Gunnison Galaxy with Desmond Devenish

Genre: Solo Show, Theatre

Venue: C Aquila

Festival:


Low Down

Story of a young man who grows up through tragedy and the figure of a haunting father who tries to keep his influence over his son whilst the world grows up around him. The son develops into a military figure who, during a mission, gets accused of criminal activity. The audience gets to cast their vote, having heard this pela in mitigation.

Review

The pace does deliver a little bit of a problem as it is delivered so quickly that you can often find struggle to keep up with the narrative twists and turns, but the struggle is worth it.

This has been well envisaged as a solo piece in this space which makes it work effectively well. Technically there are few intrusions in terms of lighting and sound design and all of them are appropriate to the piece.

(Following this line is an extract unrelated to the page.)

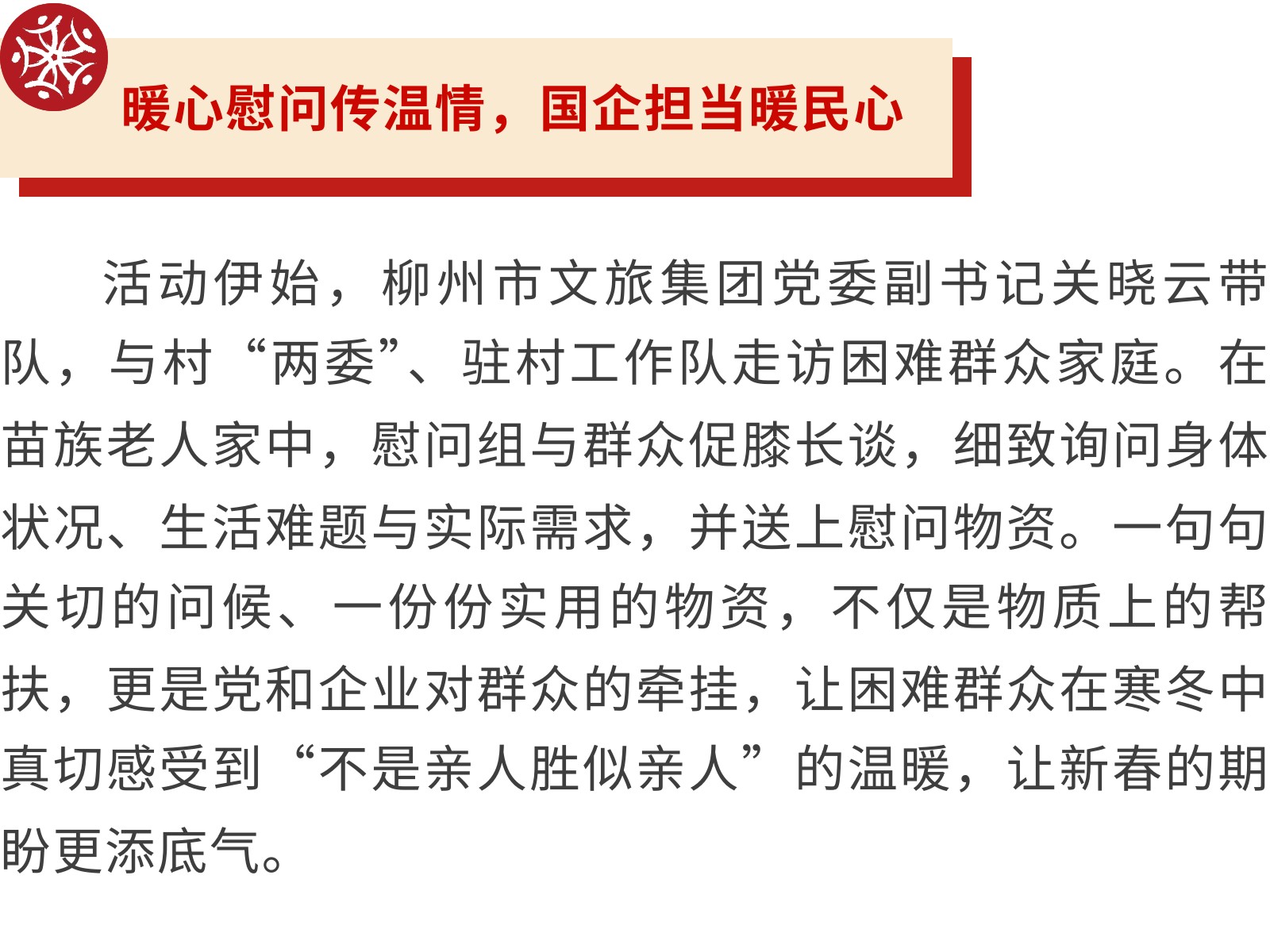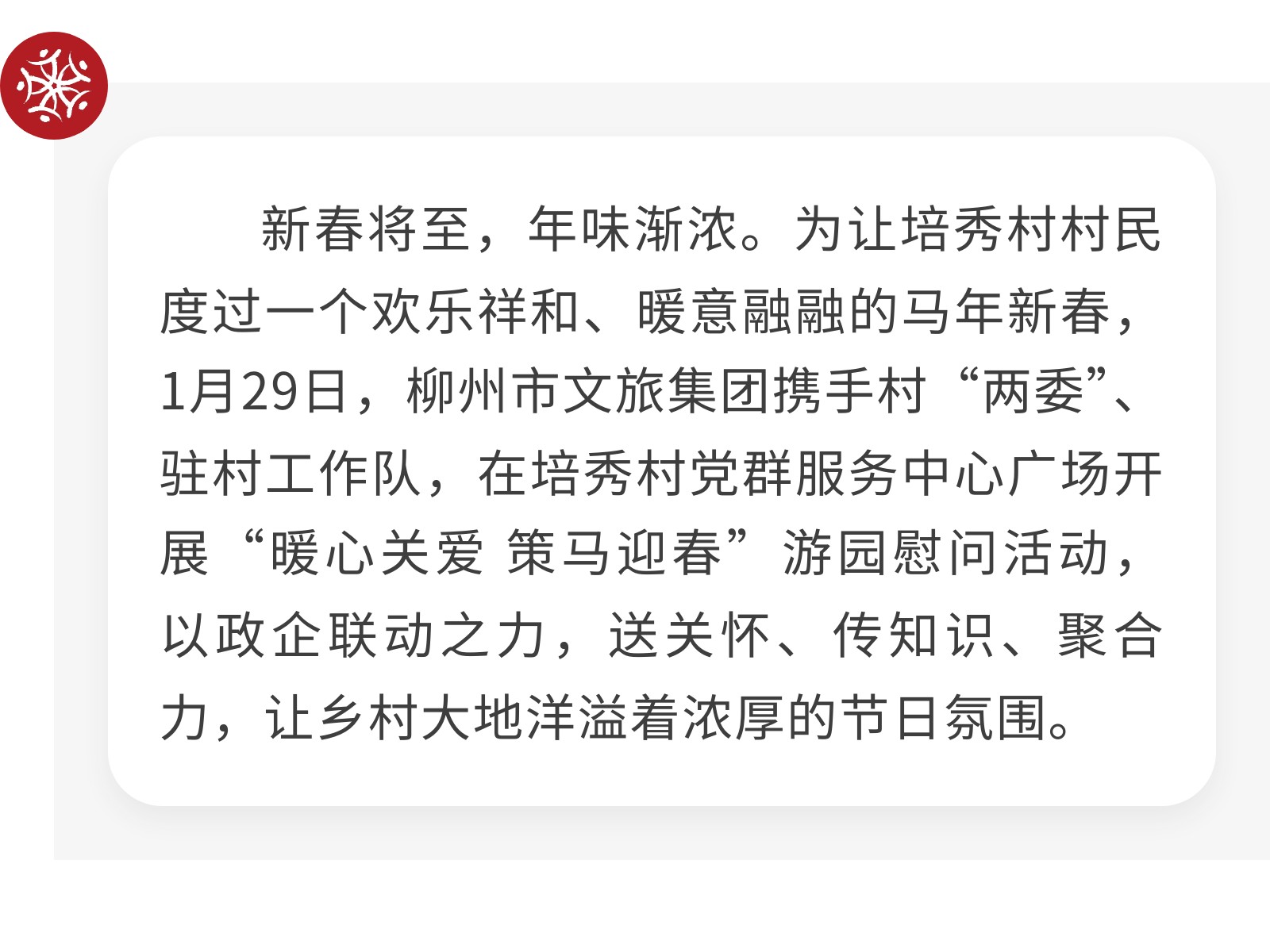 【鄉(xiāng)村振興】聯(lián)動暖新春,鄉(xiāng)村共歡樂——柳州市文旅集團赴培秀村開展慰問及游園活動 發(fā)布時間:2026年02月03日 15時來源:本站原創(chuàng)瀏覽:37 人次
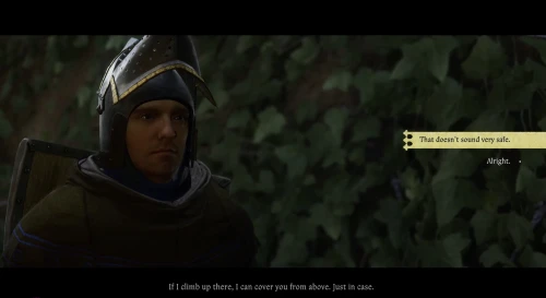 Продолжайте проходить основной сюжет и доберитесь до задания «Танцы с дьяволом». Захватив основную часть крепости Малешов, вы начнете переговоры с паном Бергова, который заперся в башне, однако смог схватить Розу в качестве заложницы. Далее выберите следующие ответы:

Our guide and narrator Cillian, softly and deferentially spoken southern Irish by the sound of lullaby accent, lulls us into a tale that is not a fireside comforting chat. It tells us of losing his mother in a street attack whilst he was out with his father, who seems to be an overbearing presence in his life

This young man grows up and emulates elements of the masculinity that his father is portraying, eventually ending up in a militia of sorts, in which he ends up caught up in a mission, which does not go well. It is that which the audience is then asked to decide whether or not Cillian is guilty or not guilty of the crime that he has presented to us.

The pace is breakneck. The jumble of emotions is hinted at, developed, then abandoned with barely a glance and it takes a beat to realise what we are heading towards. It takes a moment to feel the blockbuster emotional roller coaster that Devonish has strapped us in for.

At times, it could have done with finding more nuance and levels in which to pitch, but this was a day in which I was sitting there with one other audience member.

If there was something that I came away with, it was the impression that this deserves a much bigger audience.

That relationship between how an audience would interact and a performer would feed off that was lost here, but it should not detract from the fact that this is a performer at the peak of their game. The performance was raw and open. Devenish gives an authenticity that was admirable both in the way in which the narrative was presented to the audience, and in which the narrative was driven. Here was in turn, a really angry yet considerate man, searching for a role within society as well as an opportunity to become the man that he was supposed to be.

Technically this was a sound piece of performance work, though there were little gaps in the pace to allow us to draw breath. With a larger audience, you would have thought that this would allow people to grab the excitement of it and go with the performance rather than be trying to keep up worrying whether or not they have every fact considered and understood. At the end I was in awe of the performance that I had seen, and sorry that it did not gather the audience which it truly deserves.